A number of the trail volunteers were headed up to the course the next day to remove directional signs and attend to other end-of-season chores.
The supervisor remembered the telephone call from Mr. Gillis in 2011 after Jim Frenette, who has been grooming trails on Mt. Morris for over four decades asked him to help him out. She said John was looking for town help to maintain and expand what was already there.
“It was a whole bunch of people you talked to” to build momentum for the work you had planned, the supervisor told him.
Other core volunteers soon followed, under Mr. Gillis' leadership.
Mr. Frenette brought along a Free Press clipping that evening when Big Tupper Ski Area cut the official ribbon at the 1973 opening of the Mt. Morris network which was eventually expanded to the golf course site.
Jules Callaghan said he remembered making the sign for the new trail network.
In the off-seasons of recent years the town's trail team has also been at the center of volunteer trail-building efforts, which drew the help of many in the community. The new trails have been built in the woods, rather than in open areas, to protect them from the wind and the sun, boosting the season's longevity.
Mr. Gillis reported that evening that much of the Adirondack Park Agency permit application work has been completed for the new multi-season trail soon to be built, which in his words, will cover the entire “backside” of the course. “We're inching closer!”
Part of the trail work will involve the construction of three new bridges which will cross wetland areas, requiring the APA permit.
Much of the tree-clearing in the new trail right of way has already been completed Mr. Gillis, Mr. Lanthier and others up to where the first bridge will be built, Mr. Quinn noted. “Work has to hold off now until we get a wetland permit.”
“We're not slowing down, however,...we are going to get the trail done!”
He also reported that a feasibility study commissioned by the town through a grant program has pointed up the cost of paid labor to tackle the bridge construction to “be way high.”
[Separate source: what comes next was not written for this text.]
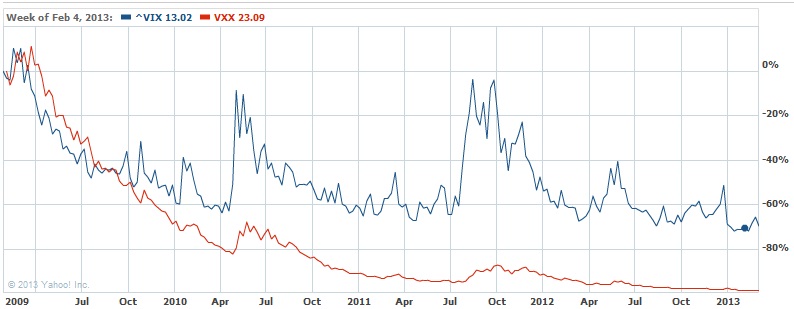 Como puedes ver oscila entre un determinado rango. A dia de hoy la volatilidad es muy baja. Ahora bien, si existiese un ETF que replicase exactamente la cotización de dicho indice sería bastante sencillo hacer dinero con ello. Compraríamos en niveles cercanos a 15 y venderíamos en niveles superiores. El problema es que no existe un ETF que lo replique exactamente. Existe un ETN que compra futuros para replicar dicho indice, pero debido a las comisiones y spread de hacer el rollover de los contratos (al entrar en contango), este ETF pierde muchisimo valor. Dicho ETF es el VXX. Aqui te dejo una gráfica del VXX y del indice VIX:

He said the trail-builders will need some town funds for materials and predicted with numerous local volunteers, like the numbers which have come out at past trail-building work bees- the new trail and its bridges can be built for “a fraction of the costs” detailed in the study.
John Gillis agreed. “We put out a call and people show up. Hundreds have over the years. That's how all the trails have been done so far. I'd rather build it locally...people like the ownership... they get that community pride...it's what has propelled us!”
Councilman Quinn reported that evening that the town has filed the first piece of a grant application through the Development Authority of the North Country to the Northern Forest Council for funds to winterize the pro shop and make other changes to help make it a four-season facility. The town's first application last year was unsuccessful.
The supervisor said this is actually an application to submit an application, which is the process that must be followed. Once the town is invited to apply the second submission is a very quick process- 30 to 60 days.
A year-round pro shop building would give skiers indoor restrooms and a warming place.
He also thought a small warming hut could be erected near the relocated fire pit adjacent to Cranberry Pond. An electric line is very near that site to furnish power to it.
“These improvements are necessary to making the golf course a four-season facility!” chimed in Councilman Mike Dechene.
“Maybe even a rope tow” for the sliding hill someday? the supervisor speculated.
Mr. Quinn also commended Bill Dechene and his highway crew, who he said were invaluable in terms of helping with the trail network's equipment maintenance and transporting of the machines to area dealers for service.